Hunger Through My Lens,” a photography project sponsored by Hunger Free Colorado and recently featured in a PBS news segment, also questions these stereotypes, with eye-opening results. The project gave people living in hunger digital cameras to document their experiences, and fifteen women from all different backgrounds took the challenge. They now display their art at exhibits across Colorado. The photos – from images of disparities in food quality at stores in wealthy versus poor neighborhoods, to pictures of “please wait” signs, to an artistically-inspired photo of a bent fork – capture the details of life in hunger and poverty that, masked by social stereotypes, may otherwise go unnoticed.

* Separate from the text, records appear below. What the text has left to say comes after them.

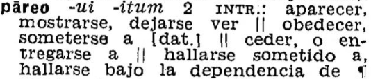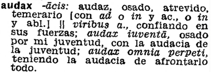 Los verbos son las palabras más problemáticas, principalmente por no saber sacar el tema correctamente. El enunciado de un verbo se compone de cinco formas, pero en el diccionario aparecen tres o, en ocasiones (con verbos de la 1ª conjugación), ¡solo una! La que siempre aparece es la 1ª sg. del presente de indicativo activo, es decir: cano, amo, rego, lego, audio… En aquellos verbos que no son de la 1ª conj. aparecerá también la cuarta forma, que se corresponde con la 1ª sg. del perfecto de indicativo activo: cecini, rexi, legi…, y la quinta forma, que es el supino (acabado en -um) y se utiliza, principalmente, para los participios. Teniendo esto claro, vemos que justo después del enunciado del verbo aparece un número del 1 al 4, que indica la conjugación del verbo (si conoces la 5ª conj. o la 3ª mixta, que son la misma, están incluidas dentro de la 3ª en el diccionario). Justo después viene la llamada naturaleza del verbo, es decir, si un verbo es transitivo (tr.) o intransitivo (intr.). ¿Y esto qué es? Básicamente si un verbo puede o no puede llevar Complemento Directo. Y créeme, es probablemente de lo más importante que puedes ver en el diccionario. Incluso más que los significados que vienen a continuación. Te dejo también el ejemplo de un verbo:
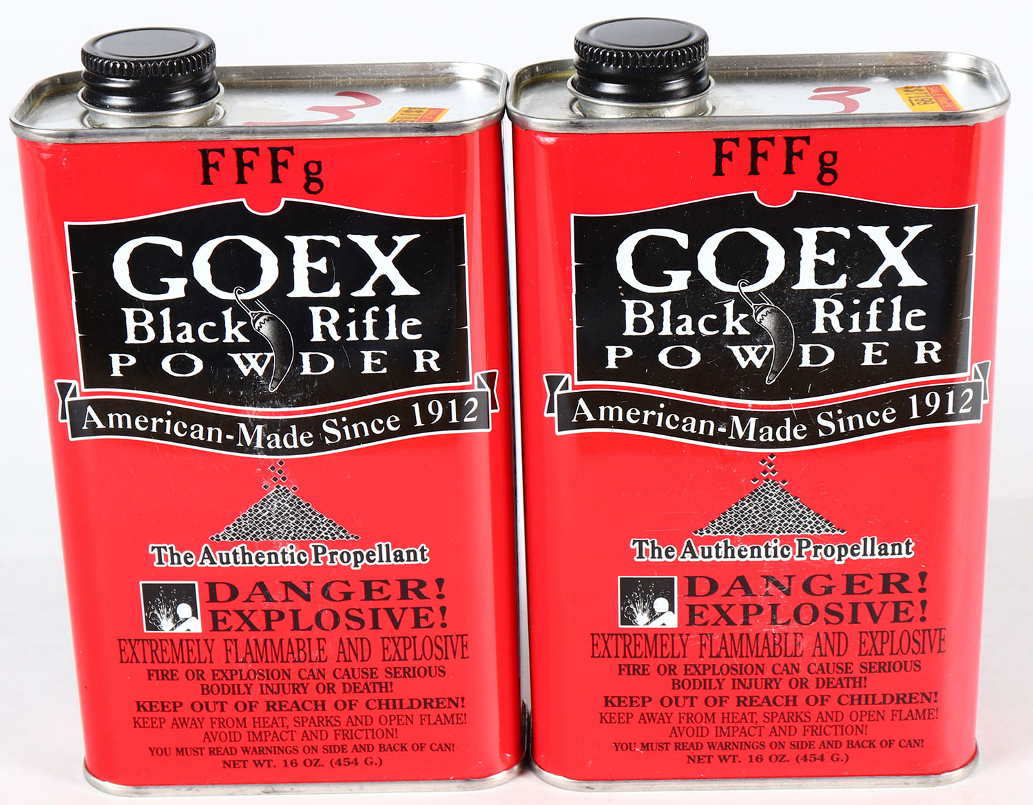 Lot of 2 Goex powder cans, both FULL. Grade: Excellent ++ - Value: 20 to 100
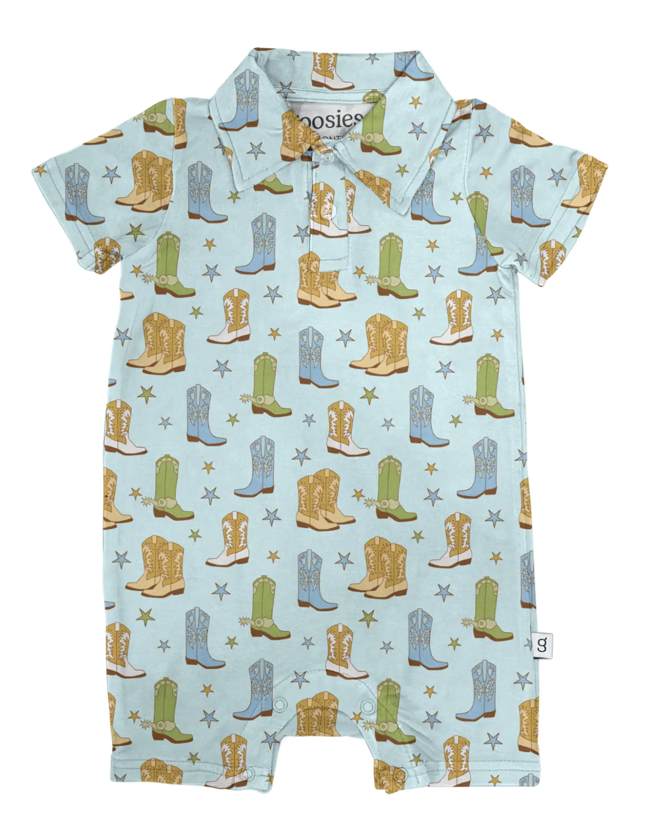 Our Short Sleeve Polo Rompers are the perfect combination of a classic style and comfort. 95% bamboo from viscose, 5% spandex. Tagless. Machine wash cold on gentle with like colors. Tumble dry low, if needed.
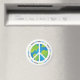 Um imã de geladeira com um design original de um gráfico estilizado da terra cercado por um sinal branco de paz. A palavra "Paz" rodeia o mundo em várias línguas.
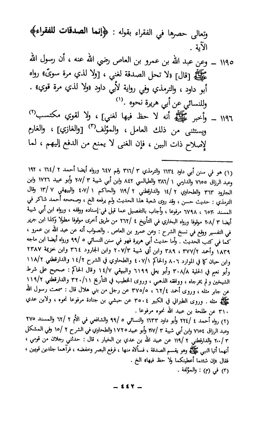 1195 - وعن عبد الله بن عمرو بن العاص - رَضِيَ اللَّهُ عَنْهُ -، أن رسول الله - صَلَّى اللَّهُ عَلَيْهِ وَسَلَّمَ -[قال] : «لا تحل الصدقة لغني، [ولا لذي مرة سوي» رواه أبو داود، والترمذي وفي رواية لأبي داود: «ولا لذي مرة قوي» . وللنسائي عن أبي هريرة نحوه.
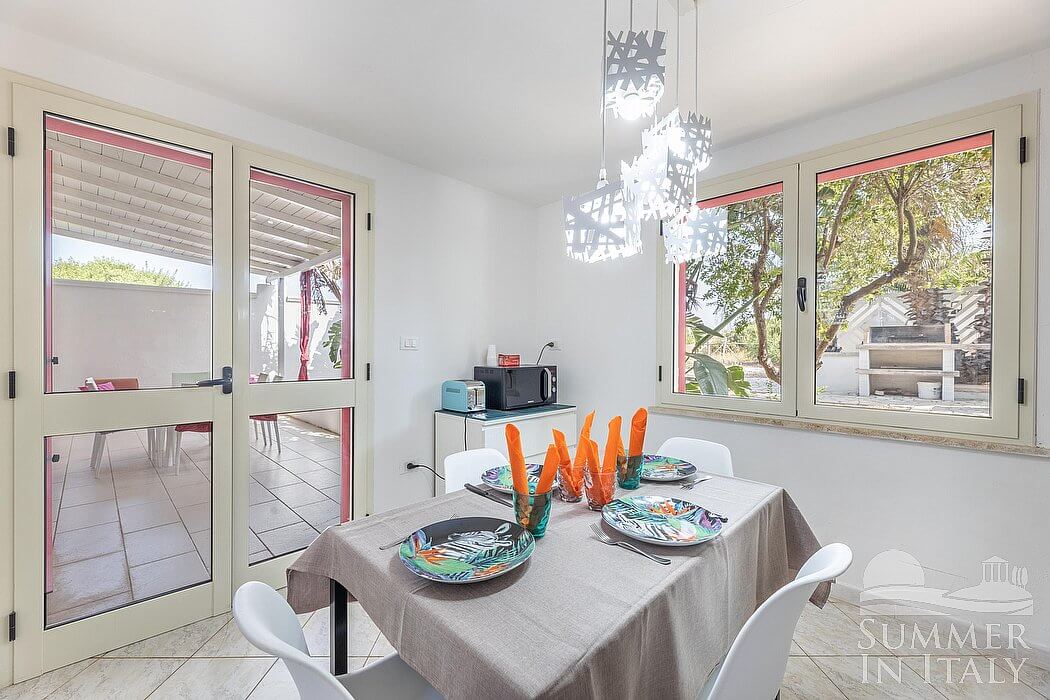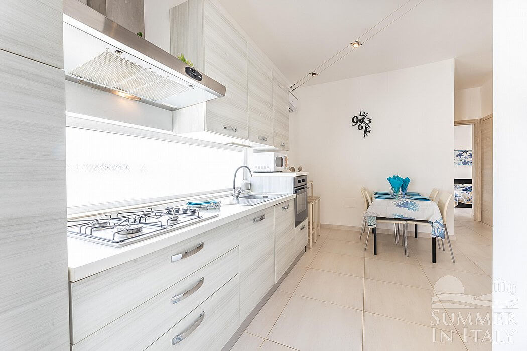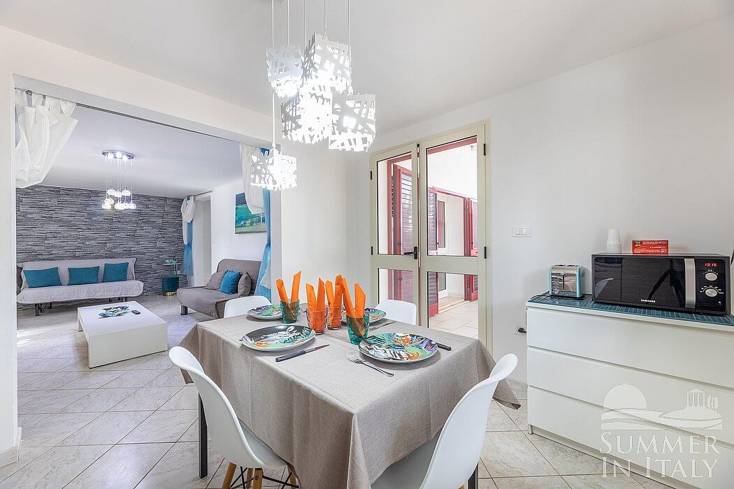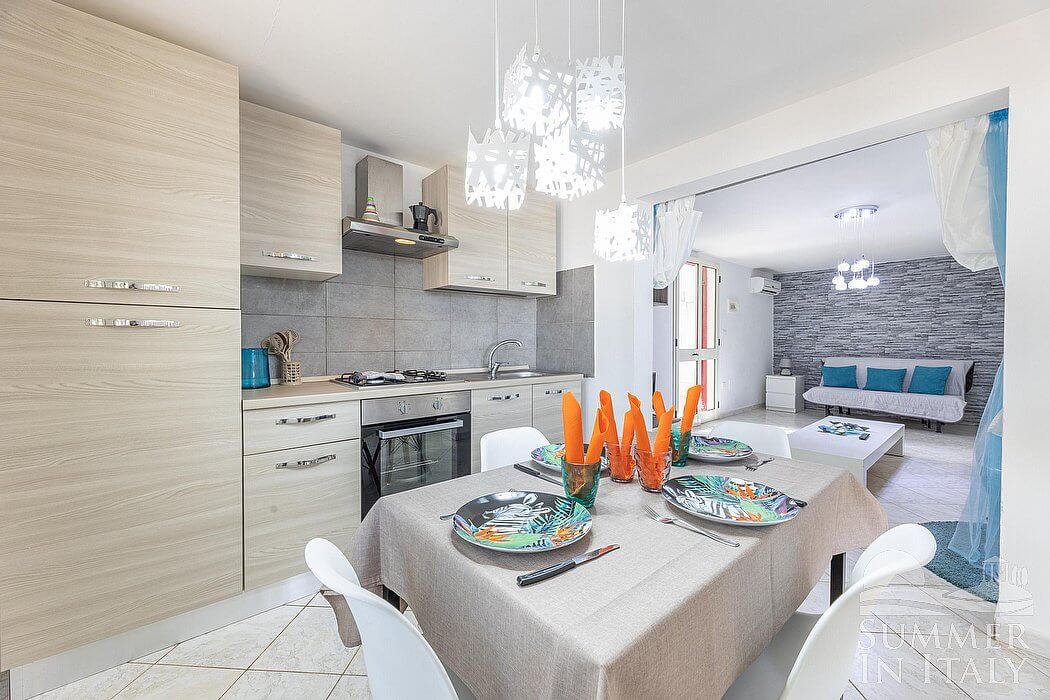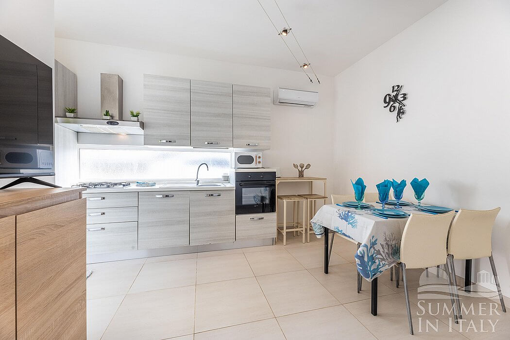 You will be able to enter the kitchen from the living room. It is equipped with a four-burner gas cooker, an electric oven, a refrigerator with freezer and an Italian-style coffee-maker. The dining table can accommodate six guests. The kitchen is also equipped with a television (local channels). From the kitchen a French door will take you to the patio. The kitchen is equipped with an air conditioning/heating unit.
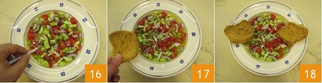 Alles mit einem Löffel mischen 16, die Friselle um den Teller legen 17 und die Acquasale servieren 18!
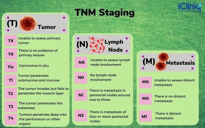 Doctors use the TNM staging system for most types of cancer. The TNM system uses letters and numbers to describe the tumor (T), lymph nodes (N), whether or not the cancer has spread or metastases (M). Each letter and number tell you something about the cancer. The specific definitions for each category are different for each type of cancer that is staged using this system. Learn more specific staging information for each type of cancer. Tumor (T): The letter T and the number after it describe the tumor by answering these questions: How large is the primary tumor? Does it go into other tissues or organs in the same area? Where is it located? The letter T is followed by a letter, number, or combination of letters after it. This gives additional information about the tumor. The different letters and numbers that may see include: TX means that there is no information about the tumor or it cannot be measured. T0 means that there is no evidence of a tumor. Tis refers to a tumor "in situ." This means that the tumor is only found in the cells where it started. It has not spread to any surrounding tissue. T1-T4 describe the size and location of the tumor, on a scale of 1 to 4. A larger tumor or a tumor that has grown deeper into nearby tissue will get a higher number. For some types of cancer, the T stage can be broken down into subcategories for even more detail. This is noted with a lowercase letter, like an "a" or "b", such as "T2b". What these letters mean depends on the type of cancer. A lowercase "m" can also be used to show that there are multiple tumors. Node (N): The letter N and the number after it describe if cancer has affected the lymph nodes. The lymph nodes are small, bean-shaped organs that help fight infection. They are a common spot where cancer first spreads. This part of the staging system answers these questions: Has the tumor spread to the lymph nodes? If so, which lymph nodes and how many? Lymph nodes near where the cancer started are called regional lymph nodes. Lymph nodes in other parts of the body are called distant lymph nodes. The N category only refers to lymph nodes near the cancer (regional lymph nodes). Distant lymph nodes elsewhere in the body are included in the "M" category (see below). After the letter N, there will be a number from 0 (zero) to 3. N0 means there are no lymph nodes with cancer. Most often, the more lymph nodes with cancer, the larger the number. But for some tumors, the location of the lymph nodes with cancer may determine the "N" category. Metastasis (M): The letter M and the number after it describes if the cancer has spread. It answers these questions: Has the cancer spread to other parts of the body? If so, where and how much? If cancer has not spread, the stage is M0. If the cancer has spread to other parts of the body, it is stage M1.
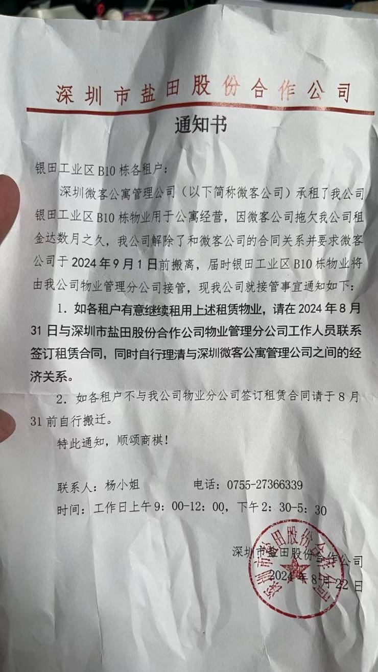 8月22日,盐田股份给微客公寓租户的《通知书》中称,因深圳微客公寓管理公司(下称“微客公司”)拖欠盐田股份租金数月,盐田股份解除了和微客公司的合同关系,并要求微客公司于2024年9月1日前搬离,届时微客青年公寓深圳银田站店物业将由盐田股份物业管理分公司接管。

The women’s stories zoom in even further. From a wife and mother of two forced to quit working as a doctor after she suffered a stroke, to a woman who lost her job as a medical assistant, the segment shows that hunger can cut across all backgrounds, leaving even once gainfully employed and highly-educated individuals and families in need of food stamps or other forms of public assistance.

The two-fold mission of the project is to “empower people who are living in poverty and to promote awareness about hunger issues,” but there is a larger lesson for anyone who learns about this project. Anyone – you, your neighbor, your relative, or your colleague at work – might one day be in need of public assistance, experience hunger, or slip into poverty. Bad luck doesn’t discriminate.